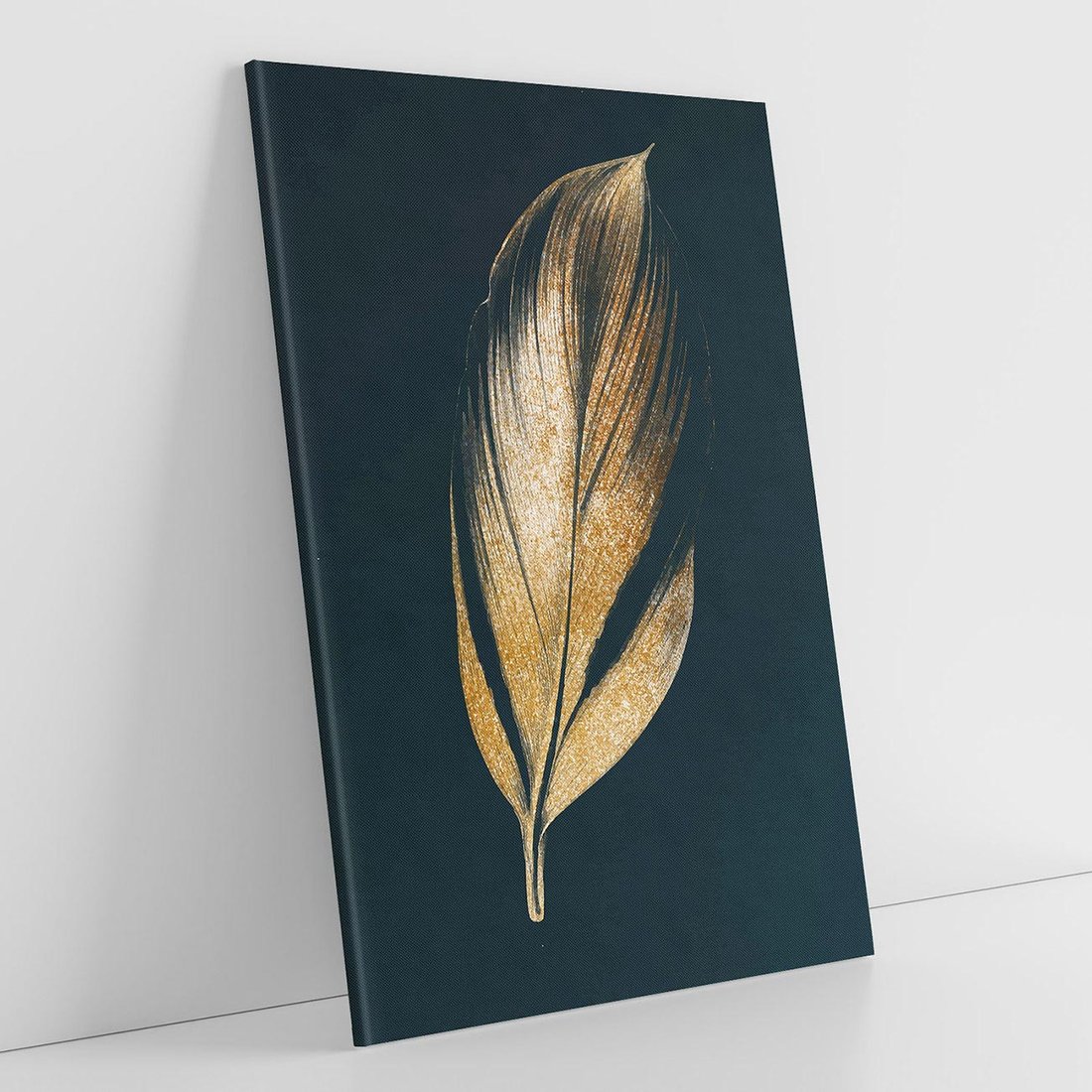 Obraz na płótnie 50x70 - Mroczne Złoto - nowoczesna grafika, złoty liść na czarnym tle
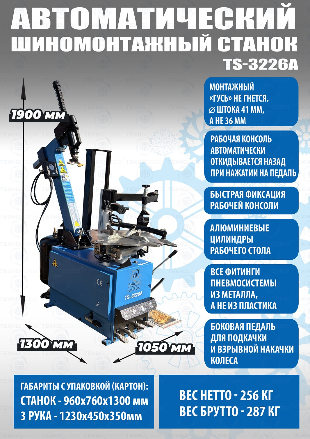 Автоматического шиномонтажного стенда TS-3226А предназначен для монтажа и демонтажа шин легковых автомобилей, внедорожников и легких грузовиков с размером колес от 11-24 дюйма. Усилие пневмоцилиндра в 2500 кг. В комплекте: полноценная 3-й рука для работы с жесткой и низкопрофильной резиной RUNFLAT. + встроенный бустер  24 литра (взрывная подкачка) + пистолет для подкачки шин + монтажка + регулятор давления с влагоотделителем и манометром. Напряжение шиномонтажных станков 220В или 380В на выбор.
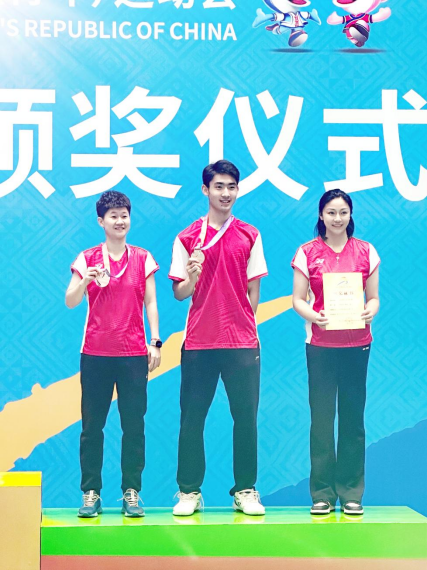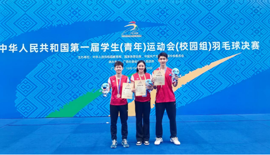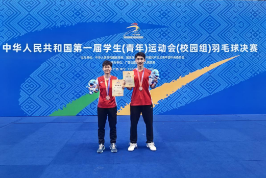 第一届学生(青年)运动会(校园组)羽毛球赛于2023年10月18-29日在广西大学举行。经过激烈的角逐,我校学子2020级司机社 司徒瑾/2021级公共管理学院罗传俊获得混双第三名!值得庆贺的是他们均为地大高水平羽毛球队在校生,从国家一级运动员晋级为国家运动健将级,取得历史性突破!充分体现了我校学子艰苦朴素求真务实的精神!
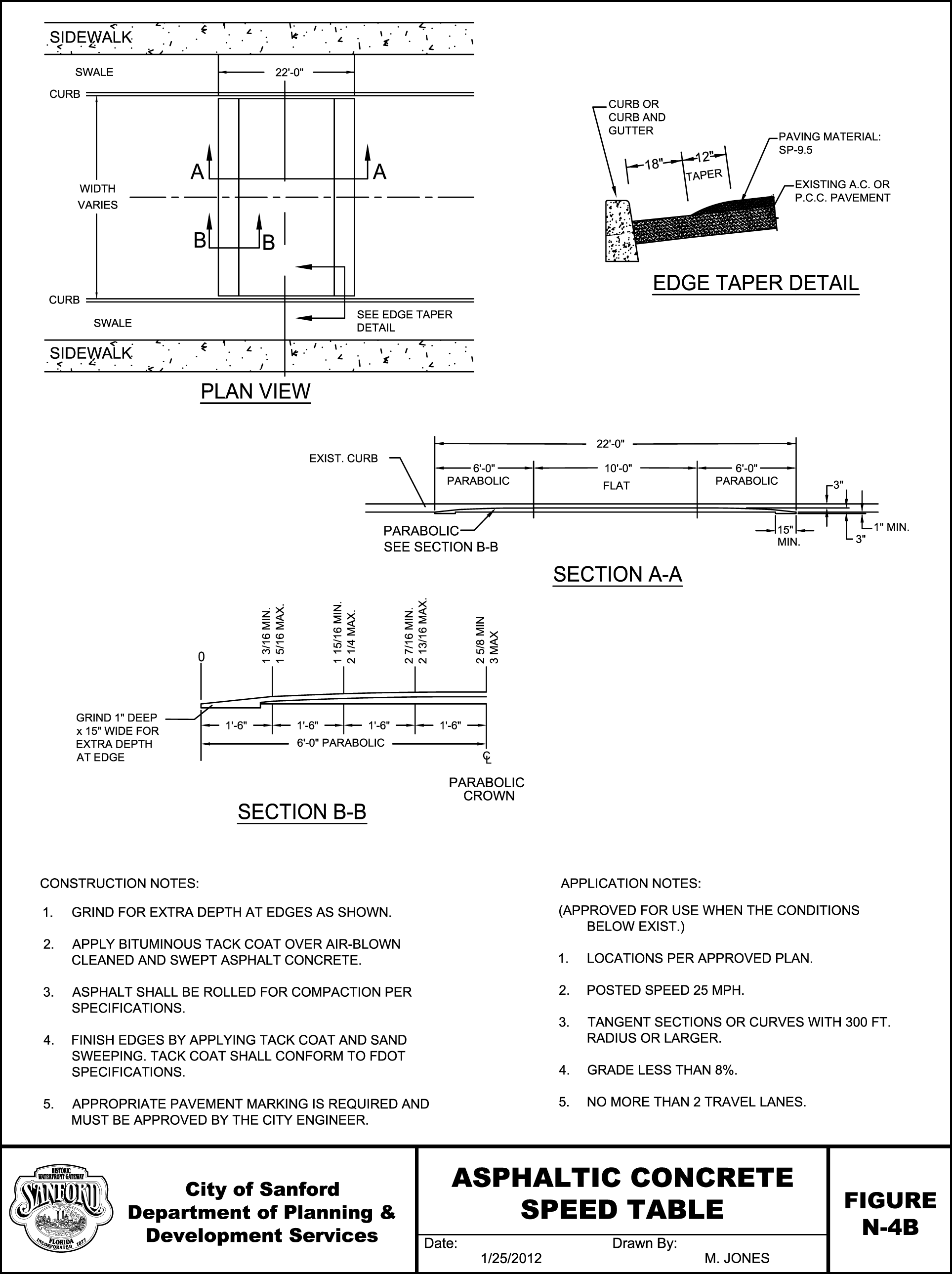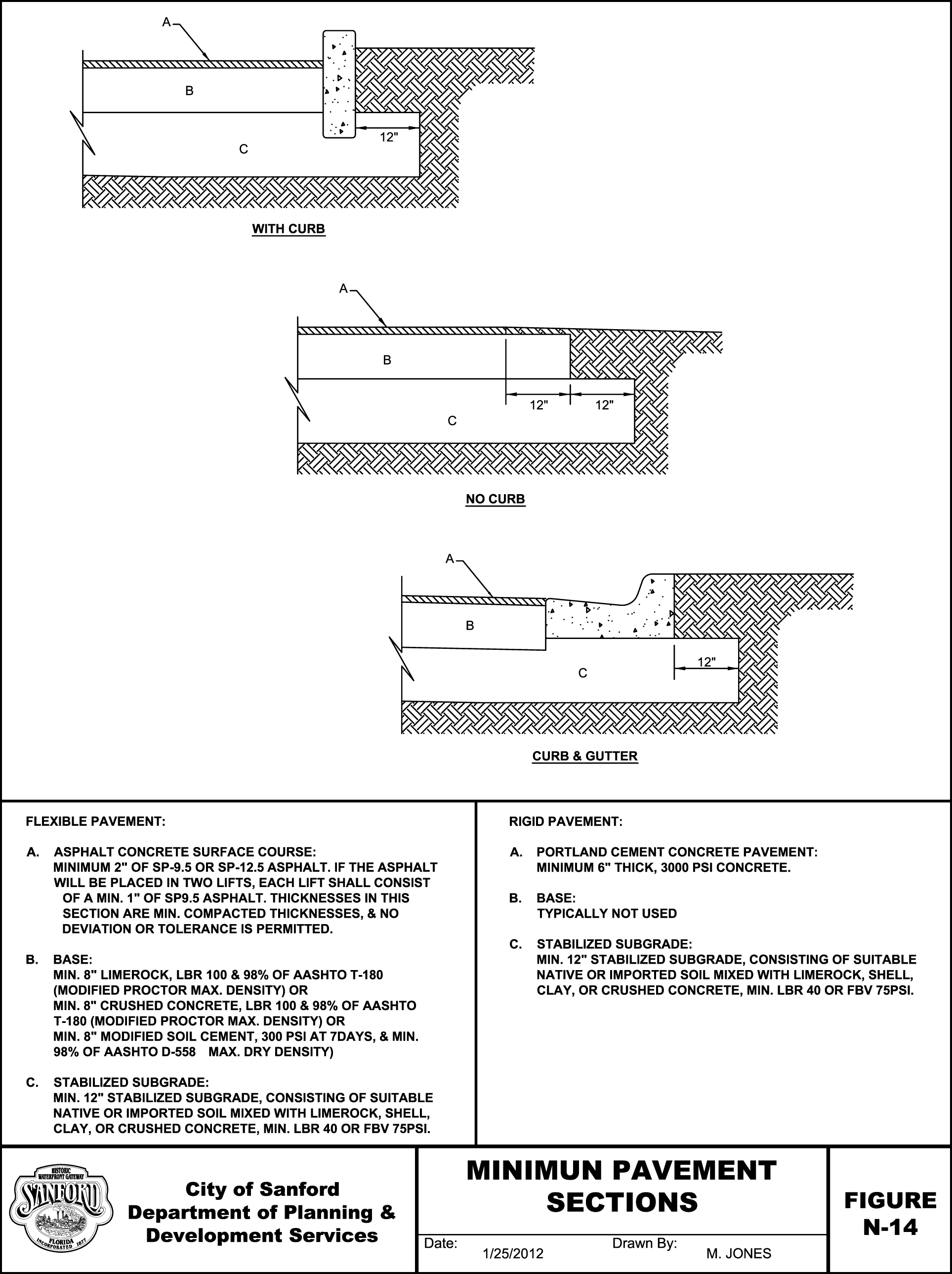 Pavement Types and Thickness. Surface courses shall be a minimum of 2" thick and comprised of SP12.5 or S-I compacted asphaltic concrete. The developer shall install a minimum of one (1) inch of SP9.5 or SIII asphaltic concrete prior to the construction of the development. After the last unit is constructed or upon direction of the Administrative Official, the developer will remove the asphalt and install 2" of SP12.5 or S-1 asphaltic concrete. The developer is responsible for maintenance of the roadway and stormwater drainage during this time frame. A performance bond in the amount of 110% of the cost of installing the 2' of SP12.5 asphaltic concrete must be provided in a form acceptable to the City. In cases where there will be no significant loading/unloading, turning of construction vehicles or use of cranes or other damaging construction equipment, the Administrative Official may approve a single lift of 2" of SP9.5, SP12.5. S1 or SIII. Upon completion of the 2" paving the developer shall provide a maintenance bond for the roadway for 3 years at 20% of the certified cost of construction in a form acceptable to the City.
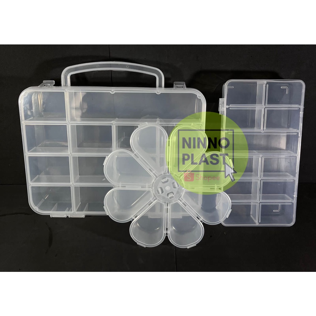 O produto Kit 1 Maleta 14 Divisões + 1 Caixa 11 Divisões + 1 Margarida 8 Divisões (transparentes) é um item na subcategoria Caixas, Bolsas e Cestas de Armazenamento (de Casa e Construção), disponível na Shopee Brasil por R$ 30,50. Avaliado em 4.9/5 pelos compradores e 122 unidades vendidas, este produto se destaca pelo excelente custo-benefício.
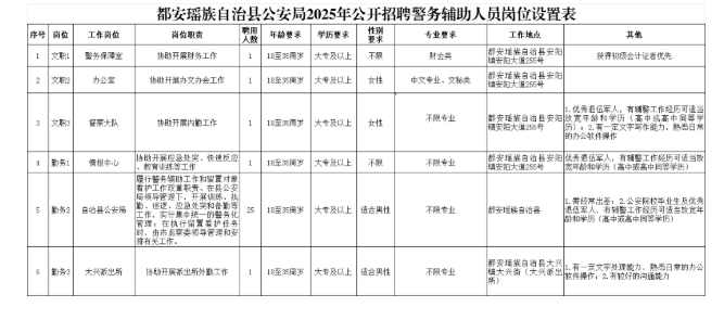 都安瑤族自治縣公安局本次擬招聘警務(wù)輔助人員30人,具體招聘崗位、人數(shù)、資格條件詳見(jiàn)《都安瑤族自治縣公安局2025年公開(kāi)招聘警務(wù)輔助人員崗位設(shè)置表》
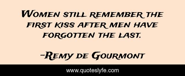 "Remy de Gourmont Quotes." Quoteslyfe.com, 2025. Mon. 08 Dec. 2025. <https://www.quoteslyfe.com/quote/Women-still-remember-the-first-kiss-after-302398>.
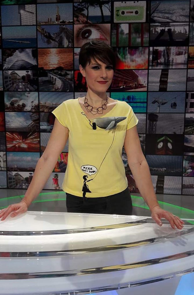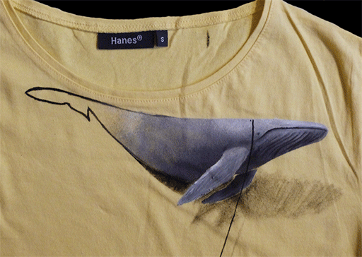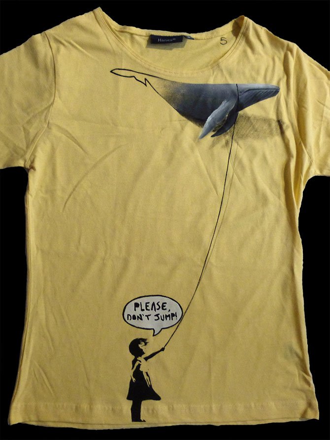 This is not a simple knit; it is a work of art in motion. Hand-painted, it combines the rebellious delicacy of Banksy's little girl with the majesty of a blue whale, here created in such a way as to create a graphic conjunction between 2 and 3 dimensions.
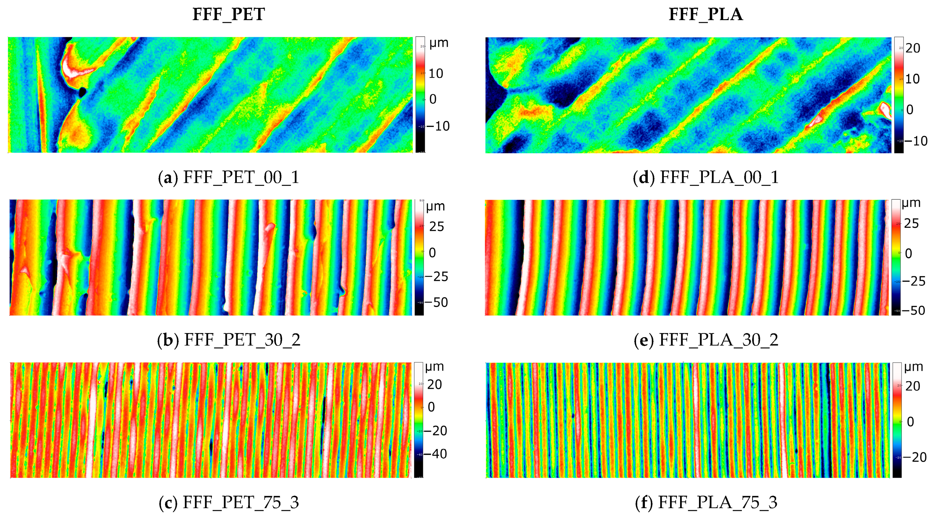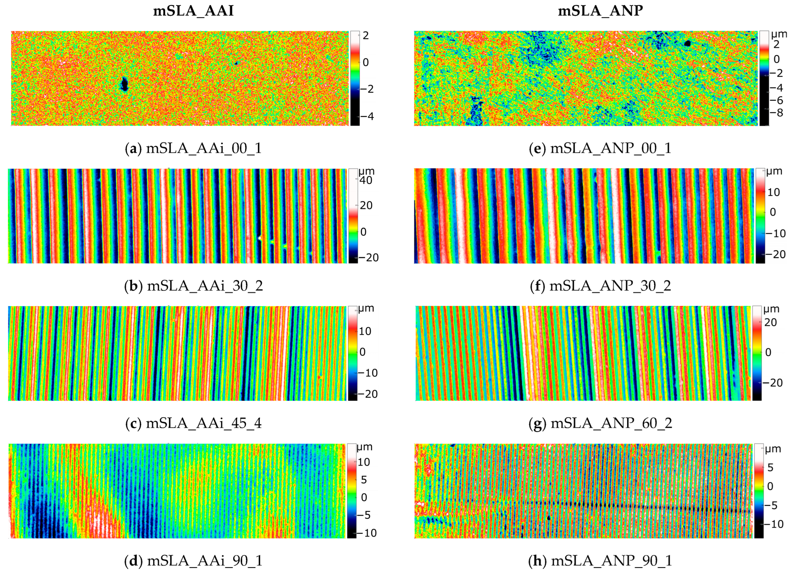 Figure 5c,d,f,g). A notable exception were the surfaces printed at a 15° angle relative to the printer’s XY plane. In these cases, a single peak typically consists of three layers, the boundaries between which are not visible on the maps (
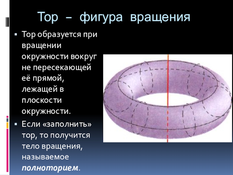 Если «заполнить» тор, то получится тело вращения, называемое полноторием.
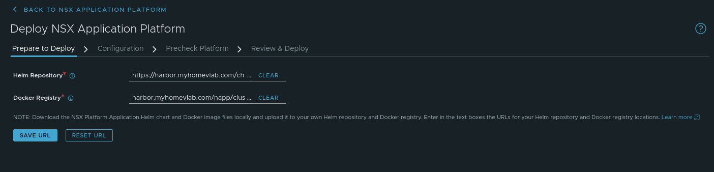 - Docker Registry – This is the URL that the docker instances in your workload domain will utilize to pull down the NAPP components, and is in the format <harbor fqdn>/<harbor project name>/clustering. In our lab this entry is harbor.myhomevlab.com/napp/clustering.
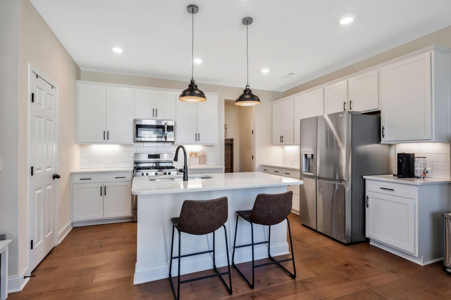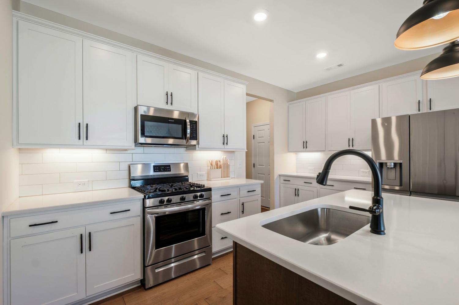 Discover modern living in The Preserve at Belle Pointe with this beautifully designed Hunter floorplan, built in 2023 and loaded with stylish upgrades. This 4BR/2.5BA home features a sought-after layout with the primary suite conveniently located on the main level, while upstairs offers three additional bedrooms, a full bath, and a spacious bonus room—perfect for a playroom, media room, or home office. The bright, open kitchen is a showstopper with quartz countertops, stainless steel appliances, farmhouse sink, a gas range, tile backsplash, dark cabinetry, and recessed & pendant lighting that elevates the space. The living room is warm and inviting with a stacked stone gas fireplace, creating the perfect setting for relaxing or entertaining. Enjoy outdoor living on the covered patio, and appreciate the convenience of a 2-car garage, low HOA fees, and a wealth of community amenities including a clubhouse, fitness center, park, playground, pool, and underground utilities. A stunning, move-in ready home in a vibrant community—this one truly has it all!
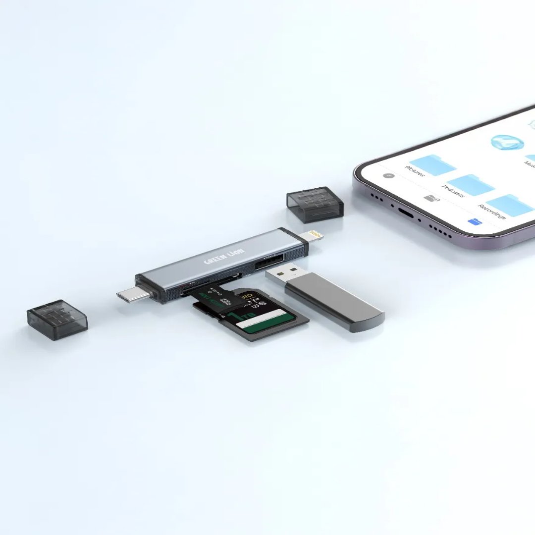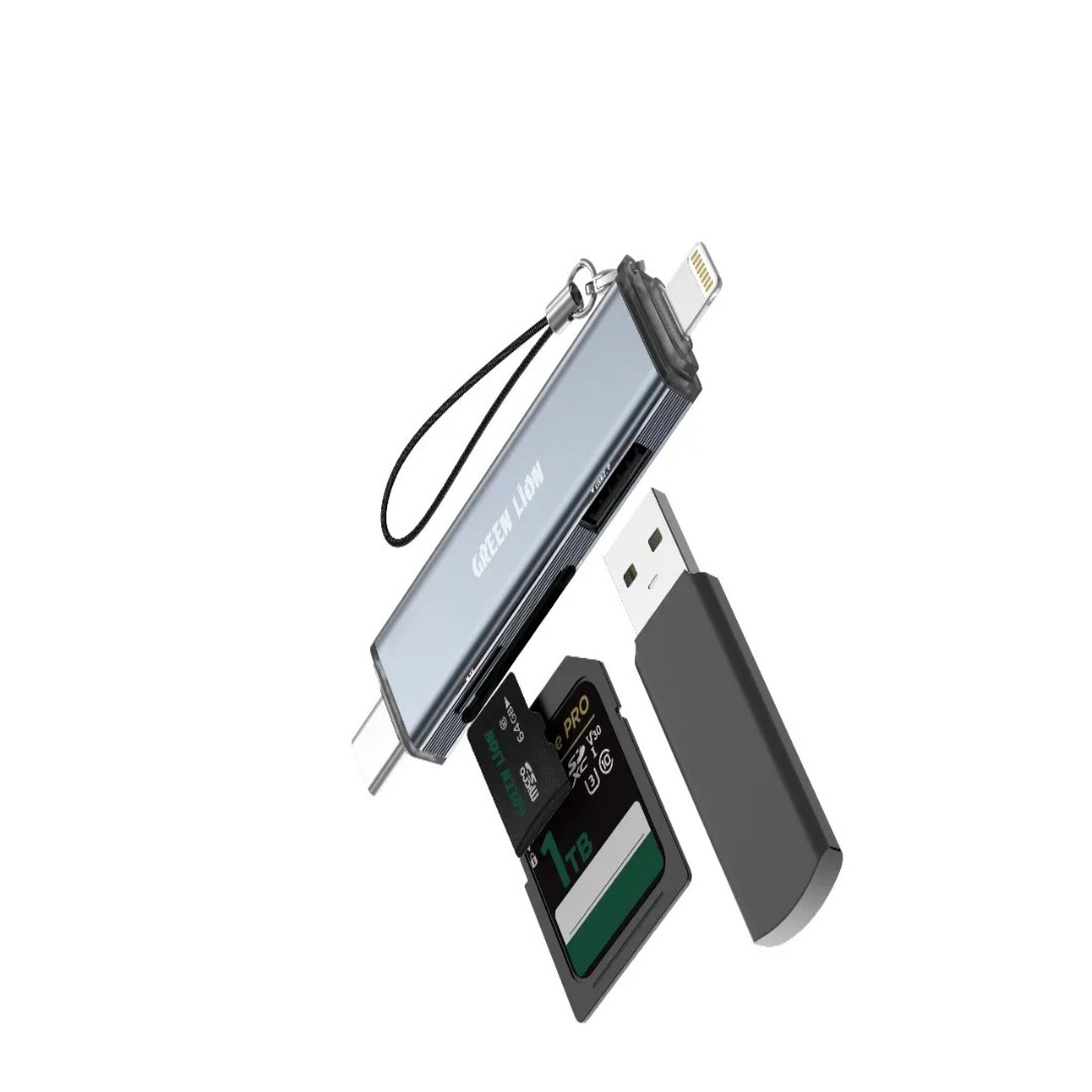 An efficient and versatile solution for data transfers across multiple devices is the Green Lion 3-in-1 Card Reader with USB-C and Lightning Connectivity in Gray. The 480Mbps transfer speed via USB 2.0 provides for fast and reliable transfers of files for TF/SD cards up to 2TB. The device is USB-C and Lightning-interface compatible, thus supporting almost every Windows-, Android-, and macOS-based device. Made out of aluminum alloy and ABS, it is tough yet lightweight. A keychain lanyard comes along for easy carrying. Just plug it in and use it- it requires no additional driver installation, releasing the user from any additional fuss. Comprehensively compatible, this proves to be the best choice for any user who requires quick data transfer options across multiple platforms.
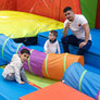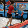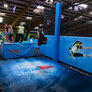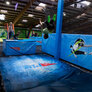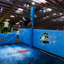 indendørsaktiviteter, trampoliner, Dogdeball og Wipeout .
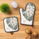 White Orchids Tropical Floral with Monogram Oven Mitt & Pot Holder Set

====

▶ [Task item]:
Once you find the line containing "An efficient and", transcribe it and each line after it to the end of the records exactly, and leave out the pictures.

▶ [Result below]:
 An efficient and versatile solution for data transfers across multiple devices is the Green Lion 3-in-1 Card Reader with USB-C and Lightning Connectivity in Gray. The 480Mbps transfer speed via USB 2.0 provides for fast and reliable transfers of files for TF/SD cards up to 2TB. The device is USB-C and Lightning-interface compatible, thus supporting almost every Windows-, Android-, and macOS-based device. Made out of aluminum alloy and ABS, it is tough yet lightweight. A keychain lanyard comes along for easy carrying. Just plug it in and use it- it requires no additional driver installation, releasing the user from any additional fuss. Comprehensively compatible, this proves to be the best choice for any user who requires quick data transfer options across multiple platforms.
 indendørsaktiviteter, trampoliner, Dogdeball og Wipeout .
 White Orchids Tropical Floral with Monogram Oven Mitt & Pot Holder Set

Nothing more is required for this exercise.